Nate Solder, Robert Kraft

New England Patriots first round draft choice Nate Solder,right, a 6-foot-8 offensive tackle out of Colorado, shakes hands with Patriots Chairman and CEO Robert Kraft during an NFL football news conference at Gillette Stadium in Foxborough, Mass, Friday, April 29, 2011. (AP Photo/Winslow Townson)

AP

Patriots owner Robert Kraft, a moderate voice in the ongoing labor dispute who has yet to truly be heard by his more headstrong colleagues, believes that the situation has approached the point at which it could become a real problem for both sides.

Speaking at the third annual Science of Sports fair at Gilette Stadium, Kraft expressed concern that the work stoppage has lasted long enough. “We have to be very careful and I think we’re coming to that point now where we start to hurt ourselves collectively in the eyes of our fans,” Kraft said, according to Mike Reiss of ESPN.com. “In the end, the fans just want football.”

He’s right. Even though plenty of fans and members of the jack-of-all-trades-master-of-none sports media have assumed a “wake me up when they miss Week One” attitude toward the NFL lockout, the truth is that the 2011 season will be impacted significantly if a solution isn’t reached fairly soon.

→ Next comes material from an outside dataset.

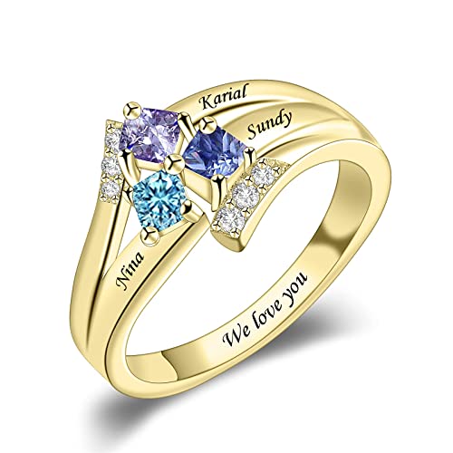BAUMA AUTO Personalized Mothers Rings with 1-9 Simulated Birthstones Custom Anniversary Rings for Women Family Name Rings for Mom 1

Every year, anywhere from 50 to 75 percent of a team’s offense and defense is installed during offseason workouts; if all offseason workouts are missed, teams with new coaches, coordinators, and/or quarterbacks will suffer. In turn, the competitiveness of the league in 2011, even if not a single game is missed, will be diminished.

It gets worse as the lockout chews into training camp and the preseason. And if, in the end, an eleventh-hour deal is struck three weeks before Week One, a full season will nevertheless consist of haves and have-nots, with veteran teams that played into January having stable rosters and coaching staffs having a leg up.

That’s why the best solution remains a long-term, win-win labor deal negotiated sooner rather than later, with both sides thinking not about their own interests but about the long-term best interests of the game. If either side is serious about working this thing out, they’ll have a chance to get started in earnest on Monday, when mediation resumes in Minnesota. Though we’ve gone from optimistic to pessimistic and back and forth and so on over the last several months, we’re optimistic that we can be pessimistic about the outlook for continued mediation in the immediate future.

Until the Eighth Circuit rules on Judge Nelson’s decision to lift the lockout, neither side is going to be serious about getting a deal done. Unfortunately, we’ve got a feeling that, after the Eighth Circuit rules, the losing party will find a way to justify digging in even deeper until the next stop on the litigation express.